Theme park in Aguascalientes, Mexico

La Estacion Theme Park (The Railway Station), including The Old Train Station and Railway Museum, is a historic and recreational complex located in the city of Aguascalientes, in the state of Aguascalientes, in Mexico.

The State of Aguascalientes was at some point a major railway hub for Mexico, due to its central location between important cities. It was home to some of the largest workshops and warehouses in Latin America. When the workshops ceased its work, the calderas, machinery and old workshops remained abandoned. They were salvaged by the city council and converted into a museum area and theme park.

La Estación Theme Park is composed of dancing fountains, the Old Railway Station Museum, fast food restaurants, the Locomotive Engine Monument, visitor attention office, Spring water Square, Furgón theater, Civic Plaza, Whistle Plaza and a Knowledge Cabús.

It consists of four showrooms. The first one functions as a gallery, in Showroom 2 the work of Manuel Manila Posada's colleague is usually shown. A third show room works as an exposition of the followers of this art. The last room is a library and contains about five thousand books, that include an important collection of poetry and theatre works.

==Old Train Station and Railway Museum==
The museum consists of two buildings (old station and old loading warehouse) and wagons. The loading warehouse exhibits railway history in Aguascalientes: the working class wars, the mechanical workshop, the Mexican Revolution, the first trains, the history of locomotive engine No. 40, the opening of the workshops, the derailments, and the origins of the railway.

The museum is housed in four of the forty-eight huge departments, the oldest rooms that used to be part of the railway installations and which date from the end of the 19th century.

In the "La Estación" building are exhibited aspects of identity and culture.
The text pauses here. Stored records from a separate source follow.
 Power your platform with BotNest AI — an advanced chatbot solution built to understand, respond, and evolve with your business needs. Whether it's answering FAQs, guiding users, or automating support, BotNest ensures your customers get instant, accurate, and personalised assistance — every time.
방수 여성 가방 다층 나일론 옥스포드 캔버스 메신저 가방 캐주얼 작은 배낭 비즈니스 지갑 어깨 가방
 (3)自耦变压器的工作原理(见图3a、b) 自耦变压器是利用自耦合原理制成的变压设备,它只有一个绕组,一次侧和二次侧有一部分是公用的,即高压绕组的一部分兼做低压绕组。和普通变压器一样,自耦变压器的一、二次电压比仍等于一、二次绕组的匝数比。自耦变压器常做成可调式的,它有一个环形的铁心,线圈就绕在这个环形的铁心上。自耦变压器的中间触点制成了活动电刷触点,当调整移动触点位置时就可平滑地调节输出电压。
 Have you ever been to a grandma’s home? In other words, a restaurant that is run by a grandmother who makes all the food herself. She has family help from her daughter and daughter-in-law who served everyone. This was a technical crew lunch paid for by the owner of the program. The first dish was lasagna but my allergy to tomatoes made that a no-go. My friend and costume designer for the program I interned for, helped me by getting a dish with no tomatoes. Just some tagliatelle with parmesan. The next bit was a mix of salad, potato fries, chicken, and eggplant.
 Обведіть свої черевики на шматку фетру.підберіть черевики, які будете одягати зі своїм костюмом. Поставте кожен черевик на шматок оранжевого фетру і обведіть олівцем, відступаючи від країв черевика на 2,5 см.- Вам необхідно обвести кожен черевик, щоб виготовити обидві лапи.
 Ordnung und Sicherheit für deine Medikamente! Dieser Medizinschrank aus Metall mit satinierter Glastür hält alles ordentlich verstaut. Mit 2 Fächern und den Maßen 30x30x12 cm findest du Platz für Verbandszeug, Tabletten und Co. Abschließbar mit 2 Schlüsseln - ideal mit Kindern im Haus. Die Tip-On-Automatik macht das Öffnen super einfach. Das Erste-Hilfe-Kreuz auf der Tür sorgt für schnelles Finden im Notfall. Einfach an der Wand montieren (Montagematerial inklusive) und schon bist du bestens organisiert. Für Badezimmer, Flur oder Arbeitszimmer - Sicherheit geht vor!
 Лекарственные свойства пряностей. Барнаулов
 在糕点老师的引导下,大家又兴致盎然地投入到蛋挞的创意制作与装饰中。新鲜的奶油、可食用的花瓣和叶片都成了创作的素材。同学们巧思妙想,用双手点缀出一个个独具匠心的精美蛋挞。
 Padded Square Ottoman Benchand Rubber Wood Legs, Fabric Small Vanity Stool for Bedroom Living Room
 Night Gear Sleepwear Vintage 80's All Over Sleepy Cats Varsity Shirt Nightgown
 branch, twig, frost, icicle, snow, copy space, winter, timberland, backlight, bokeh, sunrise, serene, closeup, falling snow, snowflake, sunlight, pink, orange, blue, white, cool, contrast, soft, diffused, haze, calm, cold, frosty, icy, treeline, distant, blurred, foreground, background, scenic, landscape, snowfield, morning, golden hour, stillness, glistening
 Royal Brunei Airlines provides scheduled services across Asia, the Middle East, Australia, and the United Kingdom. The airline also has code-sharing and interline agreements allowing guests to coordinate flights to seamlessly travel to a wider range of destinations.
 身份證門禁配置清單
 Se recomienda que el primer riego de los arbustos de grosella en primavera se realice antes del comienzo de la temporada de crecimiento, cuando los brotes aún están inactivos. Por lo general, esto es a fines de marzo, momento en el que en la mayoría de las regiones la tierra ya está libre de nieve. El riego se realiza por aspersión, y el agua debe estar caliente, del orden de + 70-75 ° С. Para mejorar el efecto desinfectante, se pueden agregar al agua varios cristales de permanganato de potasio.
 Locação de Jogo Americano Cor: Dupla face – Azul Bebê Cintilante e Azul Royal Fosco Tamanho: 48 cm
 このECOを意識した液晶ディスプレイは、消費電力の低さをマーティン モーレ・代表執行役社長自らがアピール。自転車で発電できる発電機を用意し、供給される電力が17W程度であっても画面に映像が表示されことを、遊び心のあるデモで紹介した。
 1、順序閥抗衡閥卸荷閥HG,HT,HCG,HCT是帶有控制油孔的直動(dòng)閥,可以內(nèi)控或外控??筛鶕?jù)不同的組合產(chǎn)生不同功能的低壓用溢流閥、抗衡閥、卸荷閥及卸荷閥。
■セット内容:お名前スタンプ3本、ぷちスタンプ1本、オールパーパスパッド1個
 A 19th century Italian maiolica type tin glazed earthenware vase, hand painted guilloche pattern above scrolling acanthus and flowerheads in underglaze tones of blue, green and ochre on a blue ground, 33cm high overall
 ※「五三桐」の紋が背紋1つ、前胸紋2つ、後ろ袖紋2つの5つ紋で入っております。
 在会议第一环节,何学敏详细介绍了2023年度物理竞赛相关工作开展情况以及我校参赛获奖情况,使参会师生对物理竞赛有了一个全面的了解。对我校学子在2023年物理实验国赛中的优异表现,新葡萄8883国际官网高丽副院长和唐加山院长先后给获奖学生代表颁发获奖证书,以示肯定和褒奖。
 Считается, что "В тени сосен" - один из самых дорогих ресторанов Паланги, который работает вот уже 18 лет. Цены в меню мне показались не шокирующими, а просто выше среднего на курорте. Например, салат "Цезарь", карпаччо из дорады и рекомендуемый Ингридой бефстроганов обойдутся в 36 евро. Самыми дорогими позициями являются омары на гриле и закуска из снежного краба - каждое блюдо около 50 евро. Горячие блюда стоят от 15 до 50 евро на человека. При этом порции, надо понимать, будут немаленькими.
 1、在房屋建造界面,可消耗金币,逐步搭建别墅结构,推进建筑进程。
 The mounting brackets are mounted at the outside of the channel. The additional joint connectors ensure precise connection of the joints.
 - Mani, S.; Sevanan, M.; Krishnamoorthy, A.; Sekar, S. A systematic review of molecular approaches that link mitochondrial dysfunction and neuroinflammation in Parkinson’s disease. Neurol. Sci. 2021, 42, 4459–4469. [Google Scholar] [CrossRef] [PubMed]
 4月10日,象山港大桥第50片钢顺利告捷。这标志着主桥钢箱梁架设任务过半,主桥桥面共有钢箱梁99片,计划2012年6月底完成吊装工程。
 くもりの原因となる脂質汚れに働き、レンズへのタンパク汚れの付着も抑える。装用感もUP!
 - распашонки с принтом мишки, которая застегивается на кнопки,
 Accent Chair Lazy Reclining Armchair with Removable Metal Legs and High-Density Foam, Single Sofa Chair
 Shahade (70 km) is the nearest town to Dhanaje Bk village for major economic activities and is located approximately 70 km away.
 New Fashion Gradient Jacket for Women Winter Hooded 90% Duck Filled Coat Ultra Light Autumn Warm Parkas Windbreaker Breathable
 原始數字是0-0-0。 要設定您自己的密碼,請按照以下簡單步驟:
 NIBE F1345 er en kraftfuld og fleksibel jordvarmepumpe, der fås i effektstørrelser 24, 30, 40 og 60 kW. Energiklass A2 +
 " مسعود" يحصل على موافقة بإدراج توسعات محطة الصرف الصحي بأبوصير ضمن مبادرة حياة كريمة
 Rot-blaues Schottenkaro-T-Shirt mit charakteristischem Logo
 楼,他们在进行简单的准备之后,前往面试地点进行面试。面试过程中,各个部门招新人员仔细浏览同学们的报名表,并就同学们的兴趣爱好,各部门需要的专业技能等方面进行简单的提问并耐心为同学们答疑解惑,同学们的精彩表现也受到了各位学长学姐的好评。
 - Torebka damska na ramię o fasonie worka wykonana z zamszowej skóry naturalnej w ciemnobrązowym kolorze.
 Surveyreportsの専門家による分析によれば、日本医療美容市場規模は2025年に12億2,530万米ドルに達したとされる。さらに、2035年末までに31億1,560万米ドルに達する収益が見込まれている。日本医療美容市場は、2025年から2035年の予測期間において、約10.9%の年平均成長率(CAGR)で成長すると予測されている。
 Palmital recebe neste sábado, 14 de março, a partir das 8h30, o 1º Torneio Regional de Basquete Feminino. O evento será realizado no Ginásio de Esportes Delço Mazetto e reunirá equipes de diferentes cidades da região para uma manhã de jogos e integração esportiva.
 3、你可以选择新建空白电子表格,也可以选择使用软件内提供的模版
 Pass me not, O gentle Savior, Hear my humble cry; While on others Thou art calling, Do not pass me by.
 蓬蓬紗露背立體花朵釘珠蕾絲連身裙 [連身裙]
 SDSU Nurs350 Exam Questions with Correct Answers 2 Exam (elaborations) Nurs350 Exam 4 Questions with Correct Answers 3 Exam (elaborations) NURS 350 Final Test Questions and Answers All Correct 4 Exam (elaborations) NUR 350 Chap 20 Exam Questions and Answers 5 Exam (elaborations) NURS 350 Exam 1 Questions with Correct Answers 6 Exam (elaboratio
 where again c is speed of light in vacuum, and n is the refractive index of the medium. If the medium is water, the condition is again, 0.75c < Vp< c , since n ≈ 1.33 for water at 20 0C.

On the first floor there is a re-creation of a living room, a re-creation of the ticket offices, and pictures of the state's baseball team Los Rieleros, and of the city. On the second floor there is a telegraph office and another re-creation of a superintendent's office. It also includes an identity and culture show room where many railway personalities appear, such as Francisco López Medrano, best known as El Trainero, Ventura Salazar, Cornelio Cerecero Salazar, etc.